Nir looked away. “Yes, it was the Daylight Spell,” he replied, “the one I worked when I kissed your eyes.”
“But why?” she demanded. “I already can’t leave your camp, and I have to do what you say. What harm would it have done to let me see the sun?”
“If you could see it, you’d think of nothing else but the next time you could see it again,” he answered. “You’d stay awake in the day while we were asleep and sleep in the night while we were awake. The elvish world doesn’t have the sun any more than the goblin caves have the moon. You have to learn how to live in our world now.”

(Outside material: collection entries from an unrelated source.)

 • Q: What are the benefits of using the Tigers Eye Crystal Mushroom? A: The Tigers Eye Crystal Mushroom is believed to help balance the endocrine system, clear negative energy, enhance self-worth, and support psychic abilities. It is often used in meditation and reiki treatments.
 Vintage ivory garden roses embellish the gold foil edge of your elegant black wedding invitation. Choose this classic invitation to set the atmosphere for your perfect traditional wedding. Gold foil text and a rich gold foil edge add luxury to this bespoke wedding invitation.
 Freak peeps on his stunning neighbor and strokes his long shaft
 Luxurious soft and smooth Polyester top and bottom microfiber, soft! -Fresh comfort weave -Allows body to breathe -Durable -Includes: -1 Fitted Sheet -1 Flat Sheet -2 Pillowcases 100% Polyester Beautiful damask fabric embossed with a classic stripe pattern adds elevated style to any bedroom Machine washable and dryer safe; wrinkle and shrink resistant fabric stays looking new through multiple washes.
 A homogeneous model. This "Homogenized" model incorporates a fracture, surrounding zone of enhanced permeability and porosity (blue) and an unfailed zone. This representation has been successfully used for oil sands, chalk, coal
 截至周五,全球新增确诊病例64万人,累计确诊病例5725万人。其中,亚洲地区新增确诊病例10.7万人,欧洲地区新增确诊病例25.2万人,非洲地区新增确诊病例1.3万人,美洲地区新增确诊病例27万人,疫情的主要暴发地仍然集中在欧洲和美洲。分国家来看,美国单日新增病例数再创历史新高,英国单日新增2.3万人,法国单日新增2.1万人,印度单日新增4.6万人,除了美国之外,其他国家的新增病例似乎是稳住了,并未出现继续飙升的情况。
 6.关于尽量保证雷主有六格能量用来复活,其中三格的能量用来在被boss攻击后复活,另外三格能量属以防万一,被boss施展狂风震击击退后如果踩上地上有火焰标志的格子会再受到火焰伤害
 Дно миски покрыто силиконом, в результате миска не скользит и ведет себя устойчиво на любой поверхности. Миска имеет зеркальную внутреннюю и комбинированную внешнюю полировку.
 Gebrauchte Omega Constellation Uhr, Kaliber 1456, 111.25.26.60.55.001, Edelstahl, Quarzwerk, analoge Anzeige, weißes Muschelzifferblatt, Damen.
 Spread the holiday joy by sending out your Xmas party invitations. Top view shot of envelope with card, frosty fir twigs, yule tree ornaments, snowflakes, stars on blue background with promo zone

Miranda abandoned her awful breakfast, rolling it back up in the cloth. His pretense of her being some sort of guest was pointless, so she didn’t have to act the part. She was only a slave here, she reminded herself, and there was nothing she could do about it. Very well: she didn’t intend to waste her time and self-respect in absurd struggles. Marak had taught her not to put off unpleasant things.
“What are my duties?” she demanded.
“Duties?” asked the puzzled Nir.
“My work,” continued the girl firmly. “What did you bring me here to do?”

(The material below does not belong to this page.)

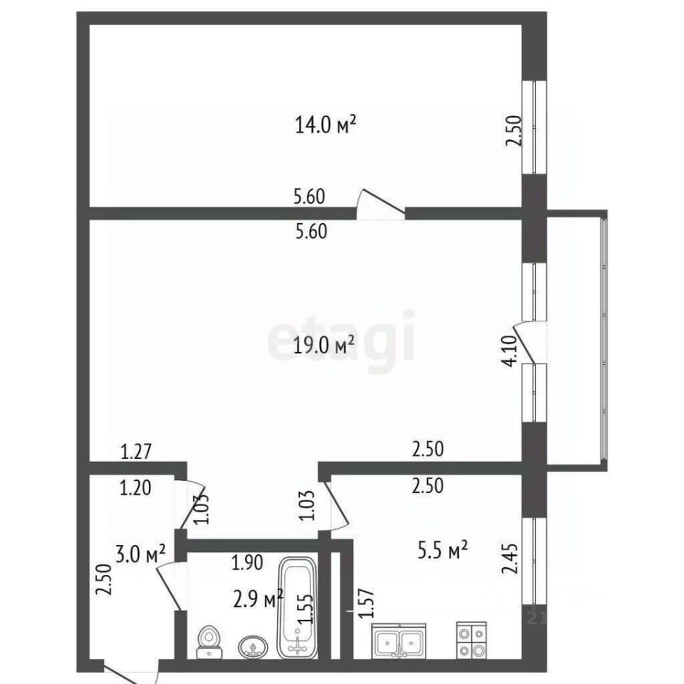 Жилая площадь: 34 м² (19 м² и 14 м²)
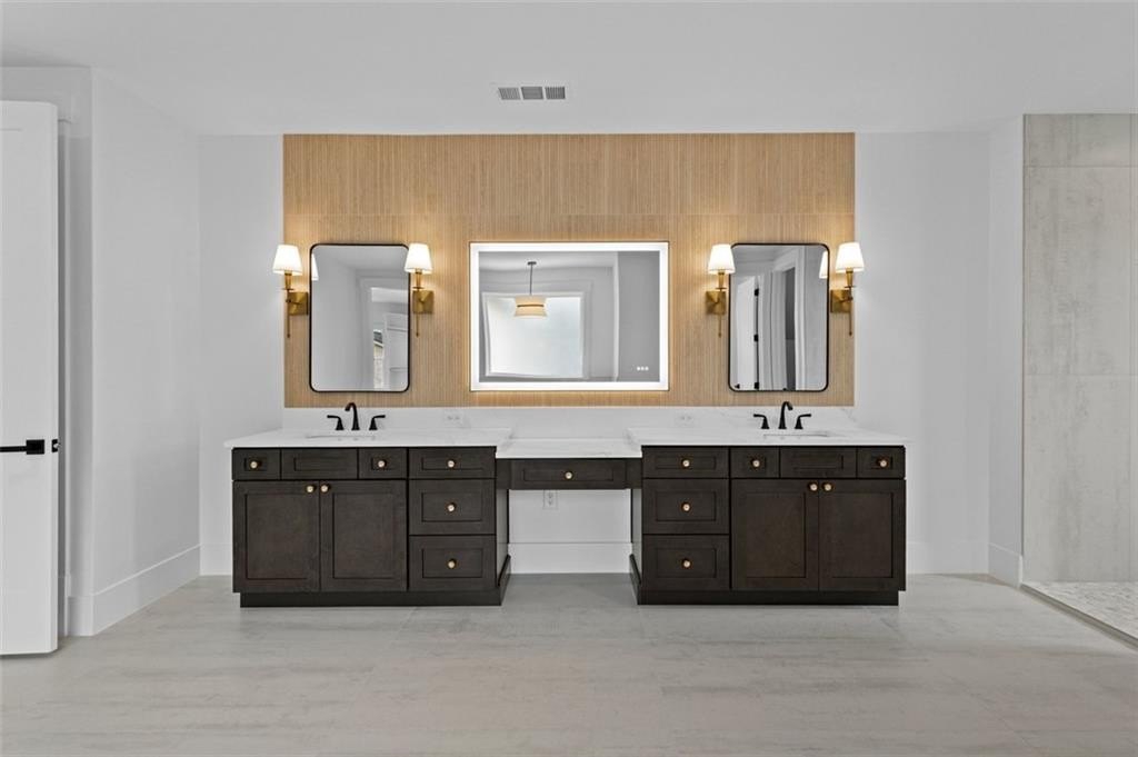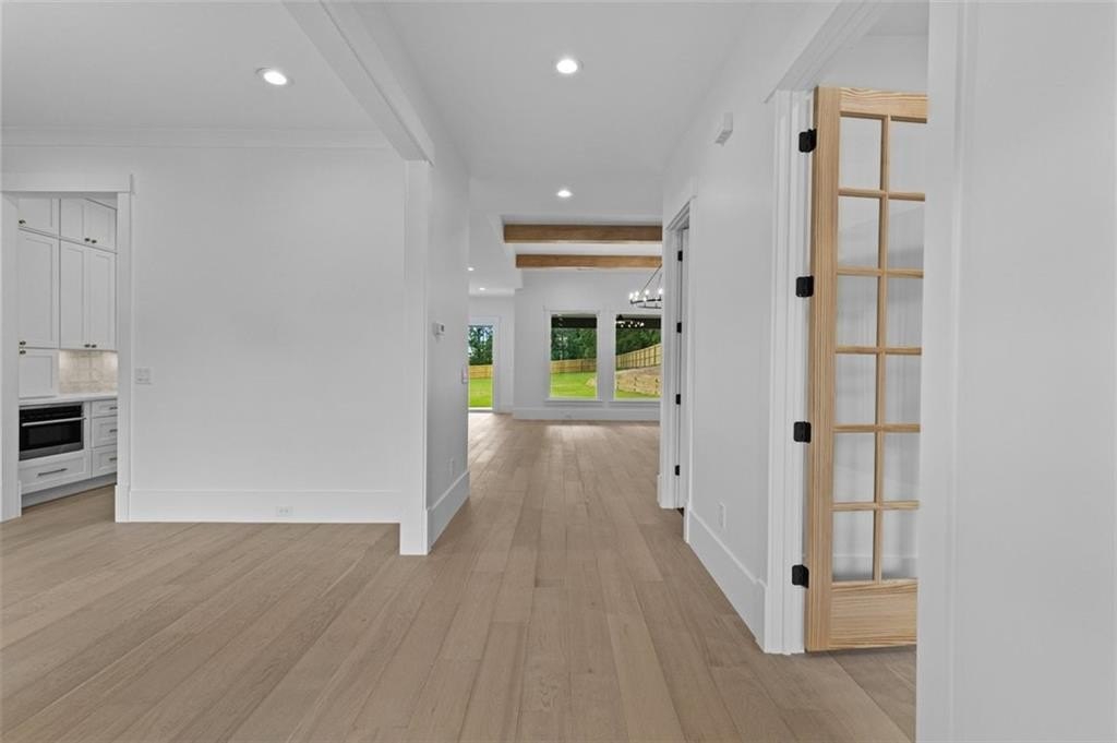 Inside, an open-concept layout filled with natural light showcases elegant custom finishes throughout. The main level features a private office, a stunning in-law or mini-master suite with a spa-style bath, walk-in closet with stackable laundry, and direct access to the backyard perfect for future pool plans. The chef’s kitchen is designed to impress with quartz countertops, an oversized island, premium stainless steel appliances, a custom tile backsplash, and a hidden butler’s prep kitchen tucked inside the walk-in pantry. The spacious living room offers large bay windows, beautiful wood-beam ceilings, and a custom fireplace wall that creates an inviting atmosphere. Upstairs, the expansive owner’s suite is a private retreat complete with dual vanities, a custom tiled shower, built-in sauna, and an oversized walk-in closet with custom shelving and a center island. A bonus room inside the suite is ideal for a nursery, reading nook, or gym, while a separate media room provides the perfect spot for movie nights or game-day gatherings. Three additional bedrooms offer plenty of space for family, guests, or flexible use. Additional features include wide plank hardwood floors, designer tile work, a tankless gas water heater, and an oversized three-car garage with room for storage or a workshop. The backyard is perfect for entertaining with a built-in gas grill, sink, and gas fire pit ideal for relaxing under the stars.

The elf lord felt a stab of guilt and dodged the question. “Among members of a civilized race,” he answered, “children do no work. I would never order you to drudge and toil at your age.”
“I am not a child,” asserted Miranda with some heat, and Nir felt quite taken aback.
“Of course you are,” he said. “The fact is obvious. I don’t understand why you keep challenging it.”
“I am a grown woman,” declared his human captive with dignity. “I don’t care to be treated like a child. I don’t need anyone looking after me, either. I am perfectly capable of taking care of myself.”
The elf lord looked at her, expressionless. He said, “That’s why you would be dead by now, I suppose.”
“Thank you for breakfast,” replied the furious Miranda. “Please excuse me. A great elf lord must have much to do.” She stood up and walked away, and she was very relieved to find that he didn’t order her to come back.
She went on a walk and surveyed the dim stretch of forest, bumping into the invisible camp border several times. The dark didn’t make her so nervous tonight because she could hear the lyrical conversation of elves
coming from all directions. Her faint bracelet provided only a short ring of light around her, and trees and people emerged from the blackness with eerie suddenness. Unable to form a complete picture of her surroundings, she was struck by odd details instead: the lacy patterns of twigs and branches, the shadows that fanned away from her into the dark. She found herself reaching out to touch tree trunks and bushes as she passed, stroking the rough bark, feeling the cool, pliant leaves. Nearby, an exquisite voice began to sing, and Miranda paused to listen, enthralled.
When she looked around again, she discovered that she had acquired an entourage. The elf children stood in a little crowd at her heels, as charming and disconcerting as lovely ghosts. She stared at them in dismay, realizing what a spectacle she must seem, and they stared at her curiously and a little anxiously, as if she might charge at them, or possibly start shouting. Then a golden-haired girl smiled bravely at her, and Miranda smiled back, completely conquered. There was just no way that she could resist an elvish smile.
The children crowded around close to her then, talking all at once. She couldn’t speak elvish, and they couldn’t speak English, but it didn’t really matter. She sat down on the ground so that she would be eye to eye with most of them, and then she pointed at them one at a time.
They told her their names, with their friends or older siblings helping out to such a degree that she found it hard to understand a word. Kiba’s name she already knew, and her little brother turned out to be Min. Tibir was the oldest boy, possibly about ten. The littlest boy, Bar, could on no account be induced to speak, but so many children spoke for him that it was some time before she could learn his name.
Then she tried to tell them hers, Miranda. They went into fits of laughter, delighted to find an adult who didn’t know her own name.
Sika, they told her, and when she looked puzzled, they touched her hair, and Tibir pantomimed sharp ears and a bushy tail. So that was it, thought Miranda, more than a little annoyed: Sika was the elvish word for “fox.”